İki ciltten oluşan Neden Yeni Bir Sosyal Bilim Paradigması başlıklı çalışmanın elinizdeki “Modern Sosyal Bilimler ve Açmazları” alt başlıklı bu birinci cildi, böylesi bir paradigmal tartışmanın zeminini oluşturmayı hedeflemektedir. Bu maksatla, modernist sosyal bilimlerin tanımlarının ve kurumlaşma süreçlerinin irdelemesini takiben bu sosyal bilim anlayışının paradigmal temellerine inilmiş ve iki ana modernist paradigma olarak pozitivist ve hermeneutik sosyal bilim paradigmaları işlenerek her iki versiyonuyla modernist düşünce paradigmasının yarattığı açmazlardan bazıları sunulmuştur.
Genelde modernite, özelde kapitalist modernite, bugün insanlığı ekolojik ve toplumsal yıkımın eşiğine getirmiştir ve insanlığın yeni bir çıkışa ihtiyaç duyduğu aşikardır. Modernist sosyal bilimler ise bugüne değin egemenlikçi düşünce ve kültür kodları nedeniyle, toplumsal çözüm üretmekten ziyade modern kapitalist sistemin düşünce üretme departmanları gibi çalışmıştır.
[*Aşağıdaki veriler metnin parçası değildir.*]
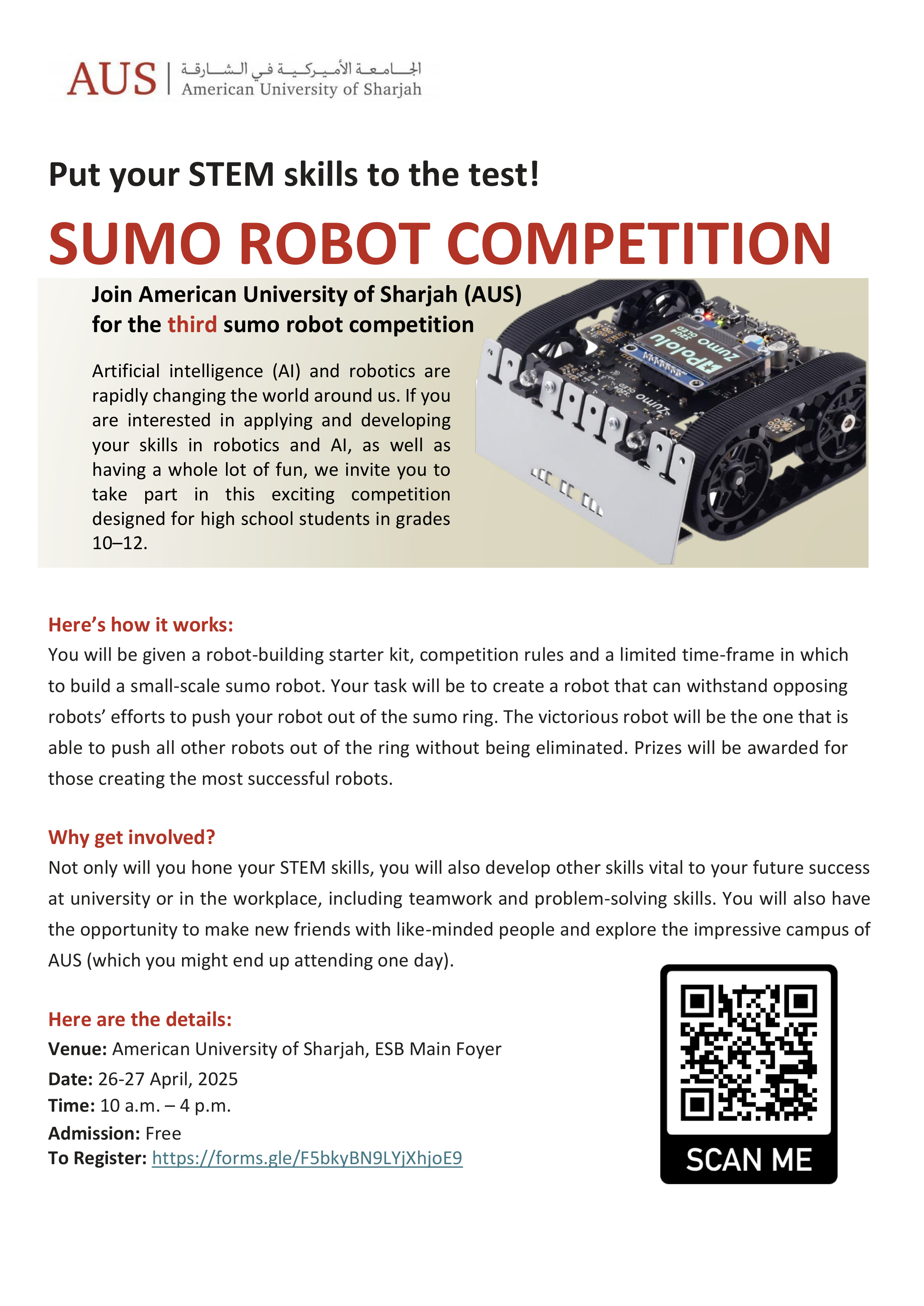 The Department of Computer Science and Engineering at the American University of Sharjah invites school students from grades 10 to 12 to participate in the 2025 AUS School Computing Competition (ASCC-2025). The aim of the competition is to promote computer science & engineering and pave the way for school students to excel in advanced sciences and technology. ASCC-2025 is sponsored by the AUS Sharakah Program.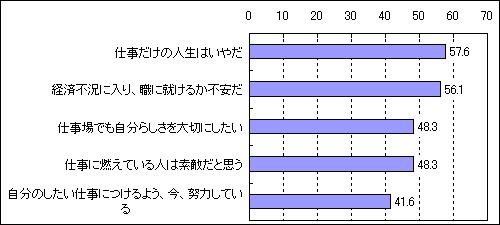 (1より続く)2009年から開始される裁判員制度について、「裁判員を務めたい」31.9%と考えている人は3割ほどで、「人を裁く事に抵抗」24.9%や「時間を割かれる」24.7%、「正しい判断をする自信がない」24.5%などを理由に、およそ6割の人が「勤めたくない」57.8%と回答している。仕事観に目を向けると、「仕事だけの人生はいやだ」57.6%がトップ。2位は「経済不況に入り、職に就けるか不安」56.1%と、新成人の職に対する不安が高いことが窺える結果となった。これから就職・転職活動をする上での不安は「社会人として適用するか」57.4%、「自分のビジネススキルが充分か」45.9%など、自分に対して自信を持てないでいる姿が浮かび上がった。交際相手の有無を問い、男女別で見ると、交際相手がいる割合は、男性20.5%に対し、女性は33.3%と女性の方が12.8p上回っている。恋愛に必要な事では「コミュニケーション力」72.2%が第1位に挙げられ、とりわけ、女性76.6%の方が男性67.9%よりも重視している。また、「外見・スタイル」についても、女性59.3%の方が男性42.8%よりも重視している。これまでの恋愛の形は?結果を見ると、『女高男低』の恋愛模様が見て取れる。現在の交際状況は低調であるものの、結婚意向についてはどうか?「早く、またはいずれは結婚したい」と考えている人は80.4%で、若干、女性82.1%が男性78.7%を上回っている(3に続く)。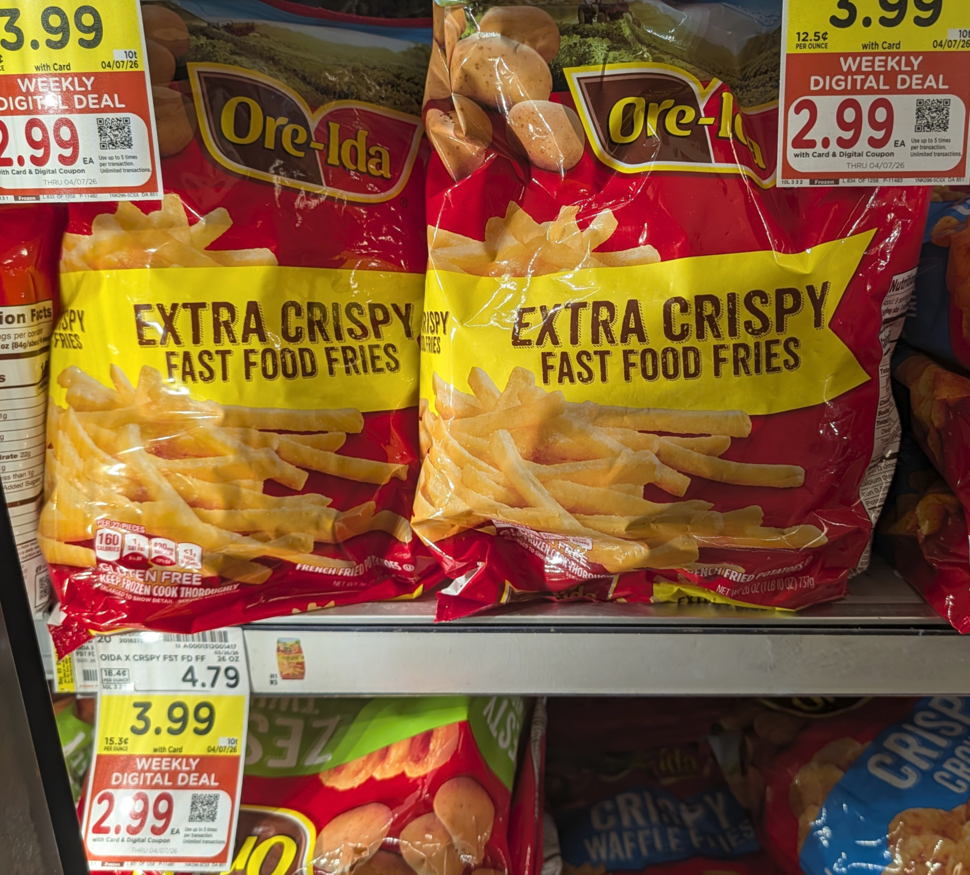 –$1/1 Ore-Ida Frozen Potatoes, 19 to 32 oz, Kroger Super Saver Digital Coupon (use up to 5 times in a single transaction)
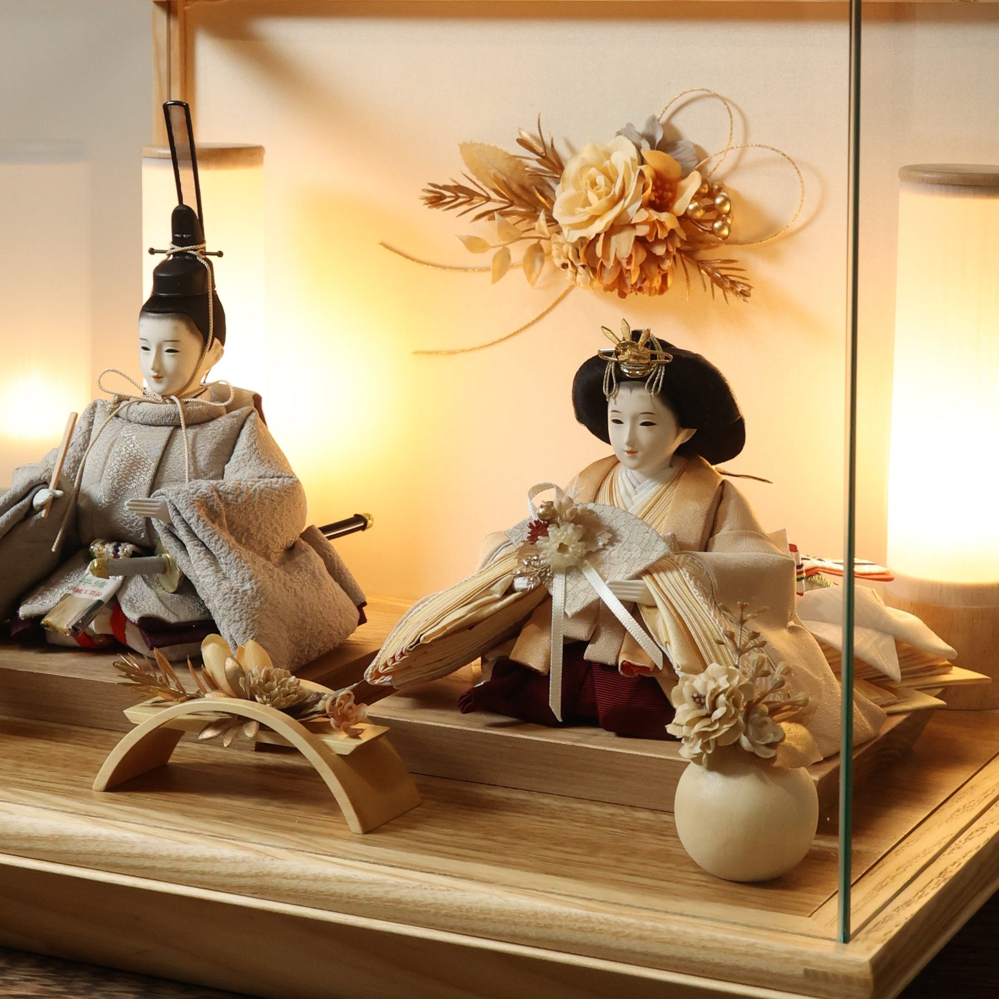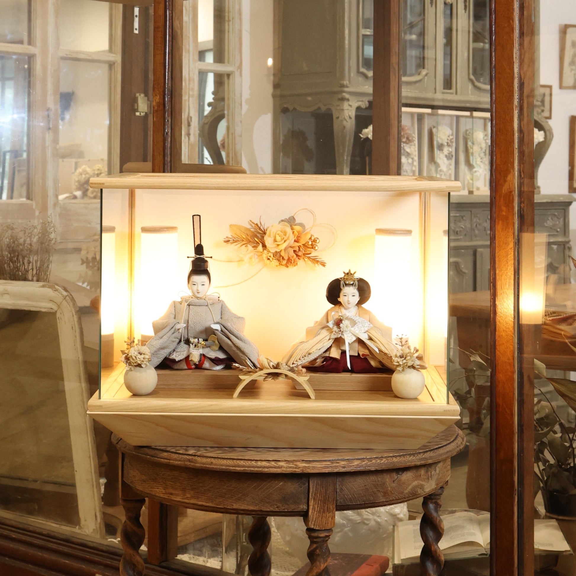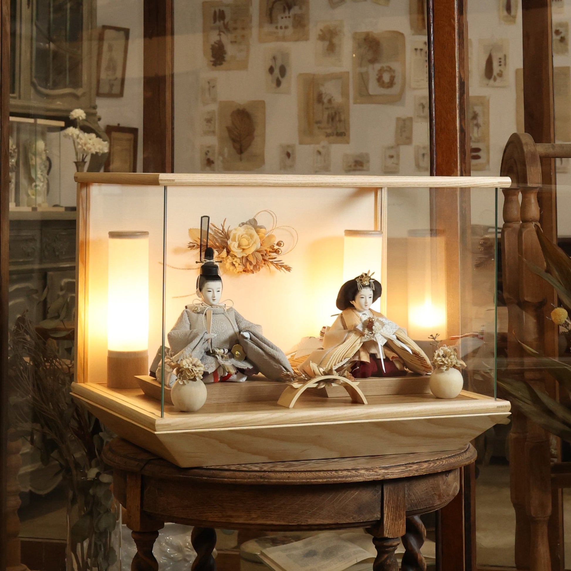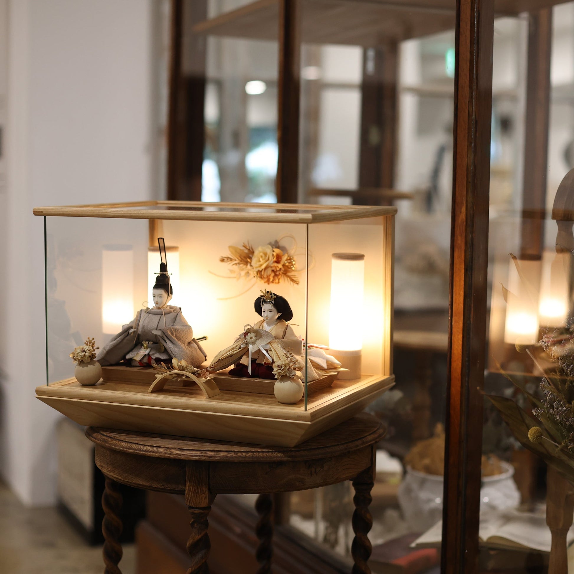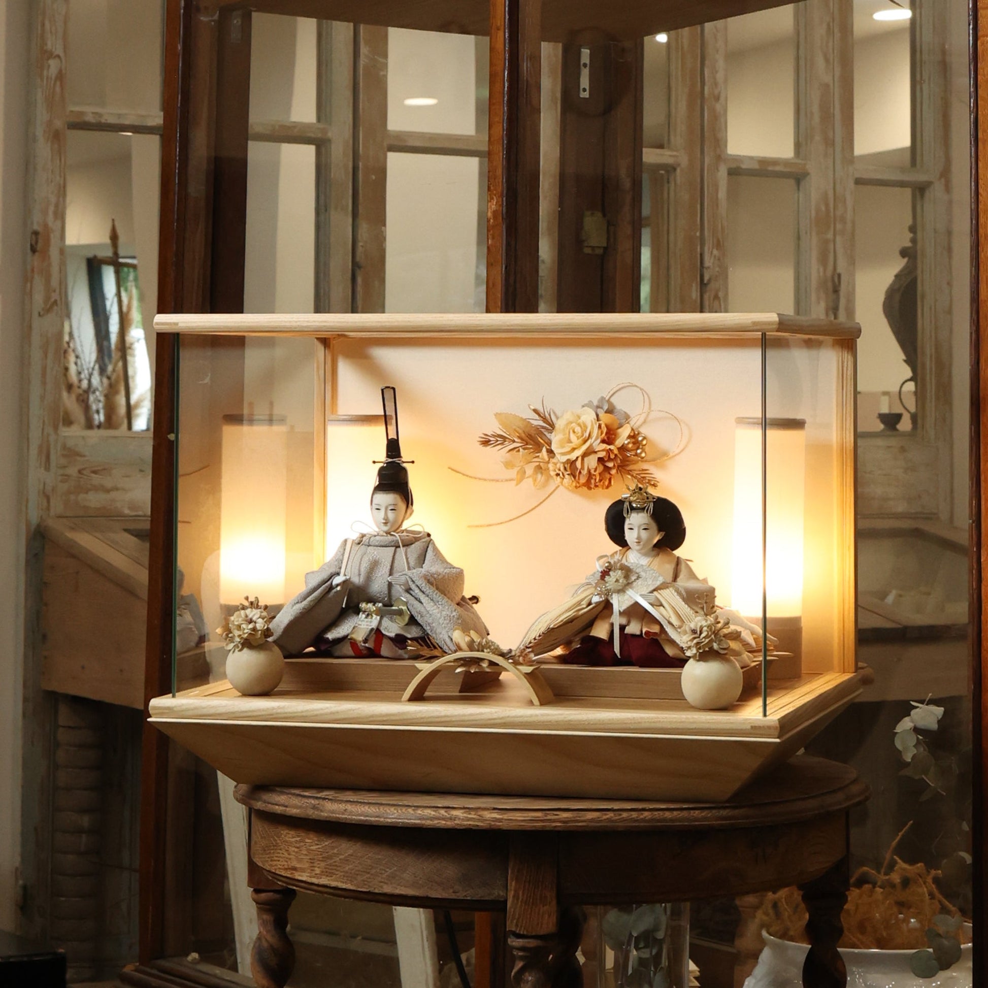 通常2mm厚が一般的な中、当店ではより高品質なAGC製3mmガラスを採用しています。厚みが増すことで強度と安全性が高まり、透明度の高いクリアな美しさを保ちます。大切な雛人形を守りながら、高級感のある見栄えを実現しています。

Sömürgecilik, soykırım, ekolojik yıkım, cinsiyetçilik, dünya savaşları, açlık gibi insanlığın başına bela olmuş toplum karşıtı düşünce ve politikaların üretilmesine veya meşrulaştırılmasına kaynaklık eden modernist sosyal bilimlerin tabi tutulduğu bu eleştirel analiz, “Sosyal Bilimlerde Yeni Paradigma ve Özgürlük Sosyolojisi” alt başlıklı ikinci ciltte ele alınacak olan önerme ve tartışmalara; yani “çıkışa” yönelecek, eylemselleşmenin pusulası olacak yeni bir anlamlandırma ve bu anlamlandırmayı mümkün kılacak yeni bir sosyal analize ulaşmanın bir ön adımı olarak düşünülmelidir.